Table 2 and Supplementary Figure S1 show the mean estimates of the genetic effect size association parameter, averaged estimated asymptotic variances, and empirical variances for the LG and Probit methods. Data were generated using the same parameter setup as given in Table 1 and Figures 1–2, except sample sizes. If θ = 0, regardless of the phenotype simulation model, the mean estimates with both the LG and Probit methods were close to 0, but estimates with the Probit method were closer to 0 than those with the LG method (Table 2, Supplementary Figure S1B). If θ ≠ 0, the mean estimates with the LG (Probit) method appeared to be much closer to the true parameter values than those with Probit (LG) if the phenotype was generated from the LG model using LGsimu (Probit model using PRsimu) (Table 2, Supplementary Figure S1B). On average, the parameter estimates by the LG method were 2.11 times greater than those by the Probit method for a small sample size of 500, but decreased to 1.83, 1.80, 1.77, and 1.74 for large sample sizes of 2000, 3000, 5000 and 10000, respectively (Table 2, Supplementary Figure S1A). As expected, with the increase of sample size, the estimates become more robust and closer to their true parameter values regardless of the estimation method (Table 2, Supplementary Figure S1A and S1B). Not surprisingly, more common the SNP and/or larger the sample size, smaller was the bias of its estimate.
The averaged estimated asymptotic variance for the parameter estimate appeared to be close to its empirical counterpart for both the LG and Probit methods for the common SNP (Table 2 and Supplementary Figure S1C and S1D).
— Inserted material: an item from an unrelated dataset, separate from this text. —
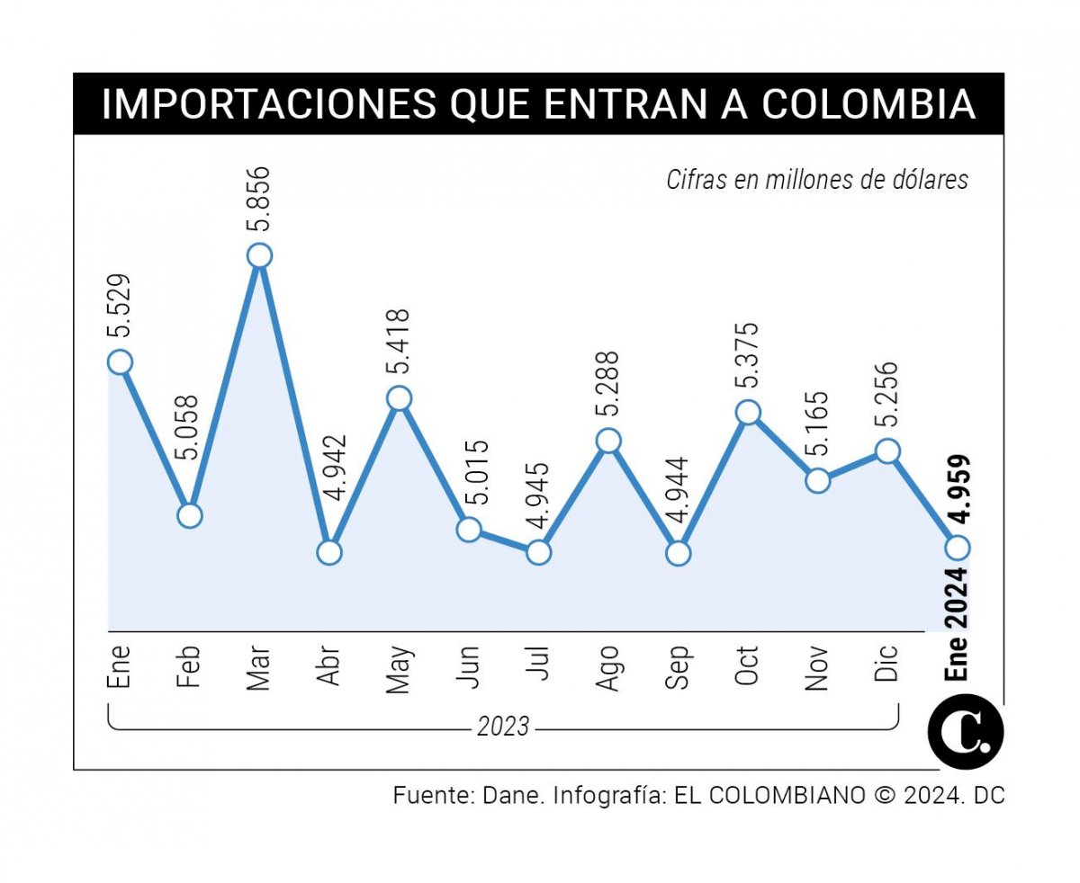 Las importaciones que ingresaron a Colombia cayeron 10,3% en enero de este año frente al mismo mes de 2023.

Interestingly, for a small sample size, the averaged estimated asymptotic variance for the LG method was much larger than (mean: 26.9, range: 0.7~470.6) its empirical counterpart, especially for rare SNPs (mean: 90, range: 7.6~470.6), but not for the Probit method (mean: 1.2, range: 0.6~2.9), regardless of the phenotype simulation model (Table 2, Supplementary Figure S1C and S1D). The association parameter estimate for the Probit method was 2.66–46.8 fold less variable than that for the LG method. On average, for a SNP with MAF of 0.2, the empirical variance obtained by the LG method was 3.48 (Range: 2.67~38) times than that obtained by the Probit method, which is close to the ratio of the variance of the logistic distribution with scale of 1, i.e., π2/3, to that of the standard normal distribution, i.e., 1. However, this value increased to 4.94 for a small sample size of 500 (Table 2, supplementary Figure S1F). Interestingly, for a SNP with MAF of 0.005, the empirical variance obtained by the LG method was 24.3 (Range: 2.67~195) times than that obtained by the Probit method which is about 7 times larger than that for a SNP with MAF of 0.2. This value increased to 35.1 for a small sample size of 500 (Table 2, supplementary Figure S1F). All these simulation results obviously demonstrate that Probit can give more robust and much less variable parameter estimate than LG, especially dominant for small sample sizes and rare variants, which translate to higher power of Probit than that of LG.
Application to the Mini-Exome Data of Genetic Analysis Workshop 17
To evaluate the performance of the Probit method coupled with the new proposed algorithm, we analyzed data from the Genetic Analysis Workshop 17 (GAW17) which contained “mini-exome” sequence genotype data of 24,487 SNPs in 3,205 genomic regions of 697 unrelated individuals provided by the 1000 Genome Project [27]. Three quantitative phenotypes were simulated from the normal distribution. Two quantitative phenotypes and one latent disease liability were influenced by 39 SNPs in 9 genes, 72 SNPs in 13 genes, and 51 SNPs in 15 genes, respectively. The third quantitative phenotype was influenced only by the environments and not genetic variants. One qualitative phenotype denoted by Q4 was simulated based on the three quantitative phenotypes and the latent liability and the top 30% of the distribution was declared affected. Furthermore, 200 replicate datasets were generated for each phenotype, using one fixed genotype data. First, quality control analysis was performed on the SNPs and SNPs with MAFs less than 0.00075 or HWE test p-values less than 0.00001 were excluded. The 1st, 10th, 100th and 200th qualitative traits were used as our outcomes and included age, gender, and smoking status as covariates in both the LG and Probit models.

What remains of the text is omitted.